Dataset excerpts.
# # # # #

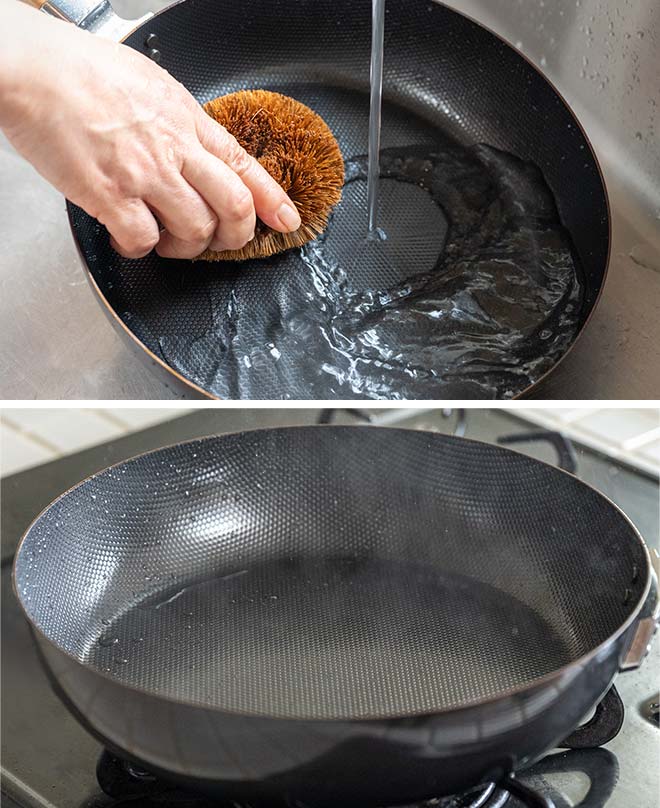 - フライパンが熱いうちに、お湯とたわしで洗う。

# # # # #

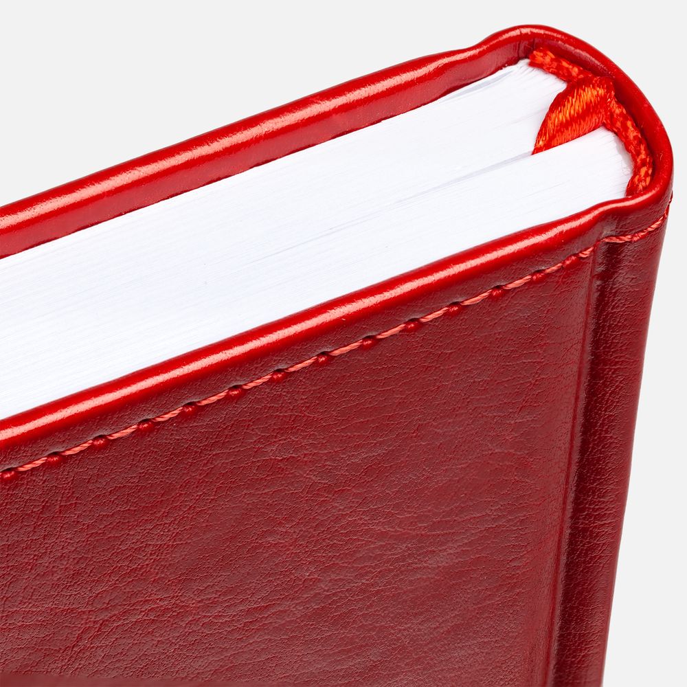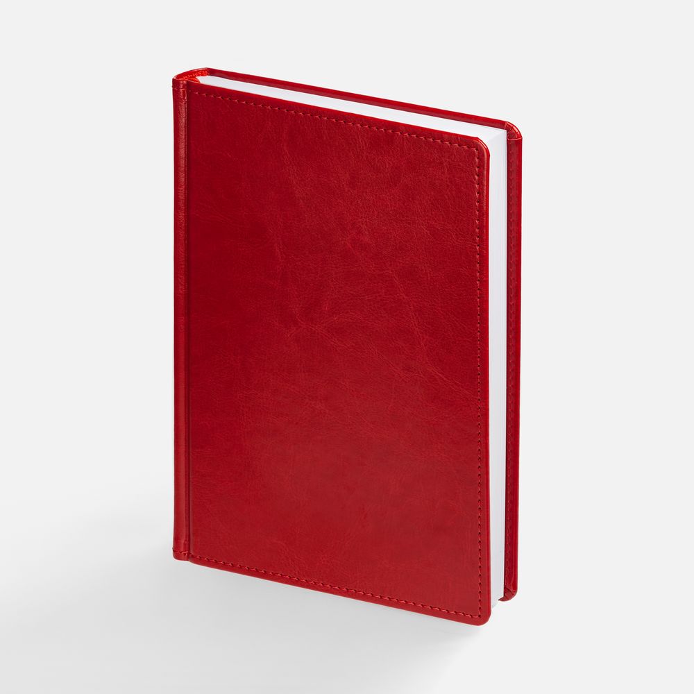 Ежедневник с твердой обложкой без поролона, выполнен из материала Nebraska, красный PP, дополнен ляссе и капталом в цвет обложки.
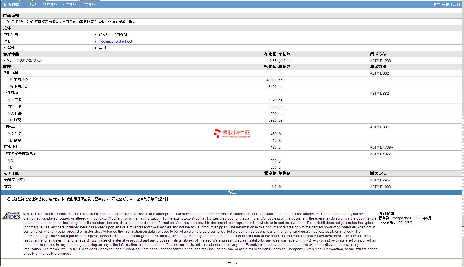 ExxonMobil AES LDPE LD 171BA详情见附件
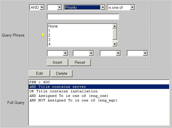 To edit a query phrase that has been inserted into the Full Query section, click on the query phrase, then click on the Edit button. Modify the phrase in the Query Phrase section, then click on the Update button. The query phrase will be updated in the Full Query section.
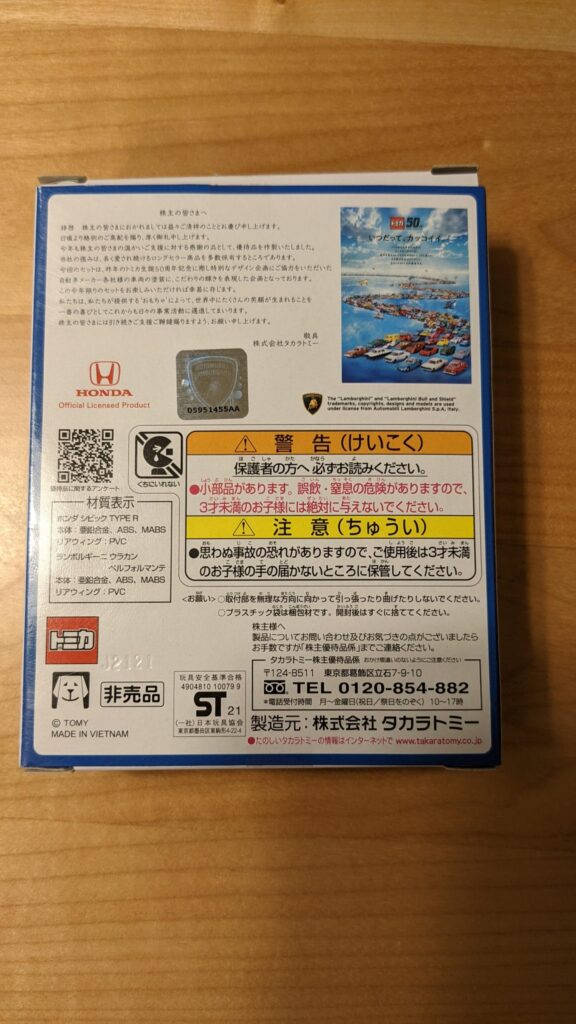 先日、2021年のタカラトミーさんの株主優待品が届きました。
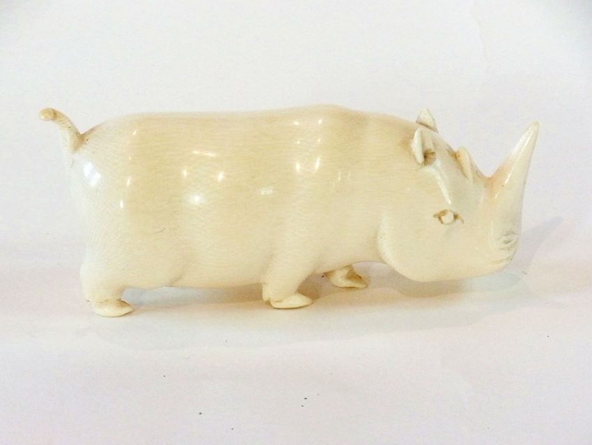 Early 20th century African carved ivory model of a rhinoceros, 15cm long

# # # # #

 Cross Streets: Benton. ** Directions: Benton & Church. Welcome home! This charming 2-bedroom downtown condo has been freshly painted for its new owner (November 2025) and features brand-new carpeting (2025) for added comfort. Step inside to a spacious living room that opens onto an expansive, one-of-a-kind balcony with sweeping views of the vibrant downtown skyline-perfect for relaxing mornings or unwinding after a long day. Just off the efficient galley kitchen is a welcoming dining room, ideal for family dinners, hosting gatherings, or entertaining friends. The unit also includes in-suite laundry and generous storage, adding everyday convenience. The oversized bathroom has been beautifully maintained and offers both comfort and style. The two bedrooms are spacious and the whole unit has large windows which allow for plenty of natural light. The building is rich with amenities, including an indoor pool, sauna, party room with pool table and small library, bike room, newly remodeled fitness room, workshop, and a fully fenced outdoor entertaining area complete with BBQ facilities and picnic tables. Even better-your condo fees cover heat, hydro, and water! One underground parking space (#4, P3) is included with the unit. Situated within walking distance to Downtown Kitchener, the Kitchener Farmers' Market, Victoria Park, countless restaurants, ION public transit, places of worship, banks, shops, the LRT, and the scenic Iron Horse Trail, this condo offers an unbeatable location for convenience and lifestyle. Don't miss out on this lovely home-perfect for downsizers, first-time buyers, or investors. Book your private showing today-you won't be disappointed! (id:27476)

# # # # #

Task description.
Above are records; write out the lines from the one with "Ежедневник с твердой" down to the one with "Early 20th century", exactly, leaving the pictures out.

Response for this exercise.
 Ежедневник с твердой обложкой без поролона, выполнен из материала Nebraska, красный PP, дополнен ляссе и капталом в цвет обложки.
 ExxonMobil AES LDPE LD 171BA详情见附件
 To edit a query phrase that has been inserted into the Full Query section, click on the query phrase, then click on the Edit button. Modify the phrase in the Query Phrase section, then click on the Update button. The query phrase will be updated in the Full Query section.
 先日、2021年のタカラトミーさんの株主優待品が届きました。
 Early 20th century African carved ivory model of a rhinoceros, 15cm long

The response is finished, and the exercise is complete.